On Dec 1, 3:20=A0pm, Vladimir Vassilevsky <nos...@nowhere.com> wrote:
> Knowlegde is power. Power is 10c per KW-h. My power is mere 10 MW,

mere?  you're doing better than Wall Street lawyers!  my power is only
about a megawatt.  at least when i'm turned on.

> > On Dec 1, 3:03 pm, Vladimir Vassilevsky <nos...@nowhere.com> wrote:
>
> >> Filters are agnostic to the waveform.

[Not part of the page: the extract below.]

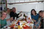Wir suchen für Brigitte das Radisson Hotel – dies führt uns quer durchs Zentrum und kein Parkplatz für uns in Sicht. Kaspar lotst zurück quer durchs Zentrum – über den Hauptplatz, wo nur Linienbusse und Taxis erlaubt sind. Keiner stört sich, keiner hupt – wäre diese Toleranz in der Schweiz auch da?! Am Fährhafen finden keinen Parkplatz, werden beim Fischhändler weggejagt und parkieren zuletzt hinter den Gebäuden auf einen ABB-Parkplatz, denn die arbeiten ja am Wochenende nicht (ansonsten würde Bigi die ABB-Fäden in der Schweiz spannen wenn nötig). Zu Fuss geht’s zum Radisson, wo Brigitte den Koffer ins Zimmer bringt und Bigi die Homepage auflädt. So, nun ist endgültig Feierabend/Wochenende angesagt: Bummel am Hafen über den Fischmarkt, wo Brigitte noch Kaviar einkauft (auch für uns). Apéro in der Abendsonne und wir nehmen auch gerne die Einladung zum Abendessen an. Das Restaurant Enhjorningen ist ein Besuch wert – alles ist schief, auch die Bilder sind schräg aufgehängt. Wir essen alle das Trio vom Fisch, welches eine Augen- und Gaumenweide ist. Brigitte bestellt sogar Supplement (von neuen Kartoffeln), denn sie hat die Reise mit uns genossen und freut sich jetzt schon auf das nächste Mal! Kaspar stimmt sich mit Irish Coffee auf England ein. Noch schnell packen für die Fähre, damit wir auch kulinarisch versorgt sind und ab ins Bett.

i dunno about that.  i've always thought that matched filters were
quite particular to waveforms that look like their impulse response
flipped around.

r b-j

On Dec 1, 6:16=A0pm, brent <buleg...@columbus.rr.com> wrote:
> On Dec 1, 3:33=A0pm, Vladimir Vassilevsky <nos...@nowhere.com> wrote:
>
> > jerothb wrote:
> > > You are clearly a business man of the highest order.
>
> > > On Dec 1, 3:27 pm, Vladimir Vassilevsky <nos...@nowhere.com> wrote:
>
> > >>I see. You are interested in anyone doing your work for free. Fuck of=
f.

On 12/1/2010 9:31 AM, jerothb wrote:
> Hello,
>
> I'm taking an adaptive filter course, and have been given a desired
> signal and a distorted signal.  The desired signal is non-return-to-
> zero purely random binary data, i.e. -1, 1, 1, -1, 1, -1 etc.  The
> distorted is this exact same signal, but filtered and added with
> noise.  We are to filter the distorted signal using adaptive filter
> methods that we learned, namely steepest descent, LMS, RLS, etc.
>
> My question is, is this AT ALL realistic?  Would you ever equalize a
> binary signal?  I thought equalizers and adaptive filters would run on
> a modulated waveform signal, not pure binary.  Unfortunately, I'm
> beginning to doubt my teachers wisdom in giving us this project!
>
> For example, the BER on the distorted signal is about 0.48.  I used
> the optimal Wiener filter (not-adaptive, I know), and the MSE went
> from about 4 down to 0.995.  But that is HORRIBLE for binary data!
> The BER went down to only like 0.478.  And of course stuff like LMS,
> steepest descent, etc, which also try to minimize MSE are never going
> to be better than the Wiener filter, so this seems like a meaningless
> pursuit!
>
> My Wiener filter is good.  I tried it on some distorted audio, and the
> result was fantastic.  It took out almost all the distortion.  So
> that's not my problem.
>
> I'm trying to understand why these methods don't work on binary data.
> Could anyone explain this to me?  Is there something inherent in the
> mean square minimizing filters that takes advantage of the fact that
> consecutive samples are dependent on each other. (Obviously, with the
> data I've been given, the previous sample has no bearing on the
> next.)  In class examples we always used AR process type signals,
> which have samples that are always correlated with the previous
> sample.  We never had a single example with abrupt binary data, as
> this is.
>
> To be clear, here is an actual excerpt of some part of the desired
> signal and the distorted:
>
>      1.0000   -1.0000    1.0000    1.0000   -1.0000   -1.0000
> -1.0000    1.0000    1.0000    1.0000   -1.0000
>     -0.1417    1.0748   -0.0883   -1.1488    0.8724    0.0210
> 0.9441   -0.9969   -1.1470   -0.8130    1.0622
>
> basically, it's the same 1's and -1's, but scaled by the channel and
> noise.
>
> Would you EVER send data in this form over a noisy/fading channel such
> as this one??  Should adaptive filtering techniques work in this case?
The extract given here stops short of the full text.